### TASK STATEMENT
When you repeat the listing below, keep every word exactly and leave out each picture.

### SOURCE MATERIAL
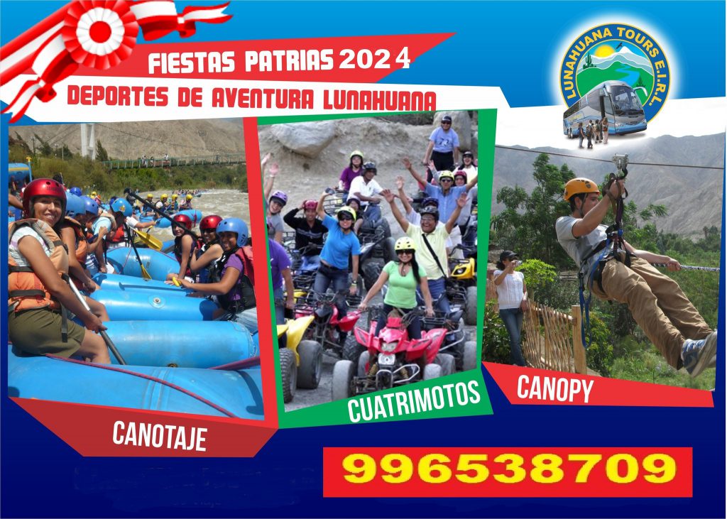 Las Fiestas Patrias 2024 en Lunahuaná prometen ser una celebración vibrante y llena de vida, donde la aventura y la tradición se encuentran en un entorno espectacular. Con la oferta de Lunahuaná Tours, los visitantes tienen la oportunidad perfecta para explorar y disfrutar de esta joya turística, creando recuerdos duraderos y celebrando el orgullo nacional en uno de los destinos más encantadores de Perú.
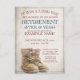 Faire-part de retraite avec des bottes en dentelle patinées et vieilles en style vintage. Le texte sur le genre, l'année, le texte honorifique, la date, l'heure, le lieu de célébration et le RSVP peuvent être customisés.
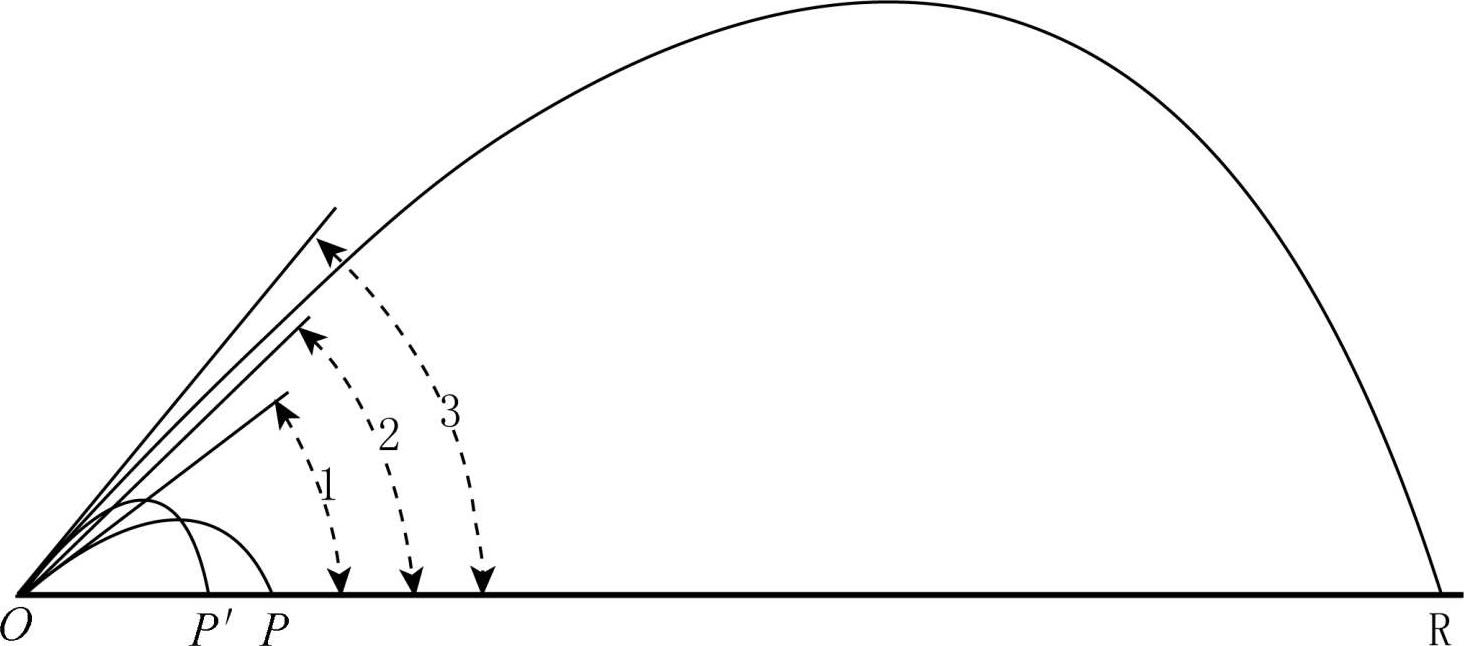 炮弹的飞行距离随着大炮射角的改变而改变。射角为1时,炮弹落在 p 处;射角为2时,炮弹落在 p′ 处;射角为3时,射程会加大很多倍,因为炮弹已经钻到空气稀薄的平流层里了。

### ANSWER TO THIS PROBLEM
 Las Fiestas Patrias 2024 en Lunahuaná prometen ser una celebración vibrante y llena de vida, donde la aventura y la tradición se encuentran en un entorno espectacular. Con la oferta de Lunahuaná Tours, los visitantes tienen la oportunidad perfecta para explorar y disfrutar de esta joya turística, creando recuerdos duraderos y celebrando el orgullo nacional en uno de los destinos más encantadores de Perú.
 Faire-part de retraite avec des bottes en dentelle patinées et vieilles en style vintage. Le texte sur le genre, l'année, le texte honorifique, la date, l'heure, le lieu de célébration et le RSVP peuvent être customisés.
 炮弹的飞行距离随着大炮射角的改变而改变。射角为1时,炮弹落在 p 处;射角为2时,炮弹落在 p′ 处;射角为3时,射程会加大很多倍,因为炮弹已经钻到空气稀薄的平流层里了。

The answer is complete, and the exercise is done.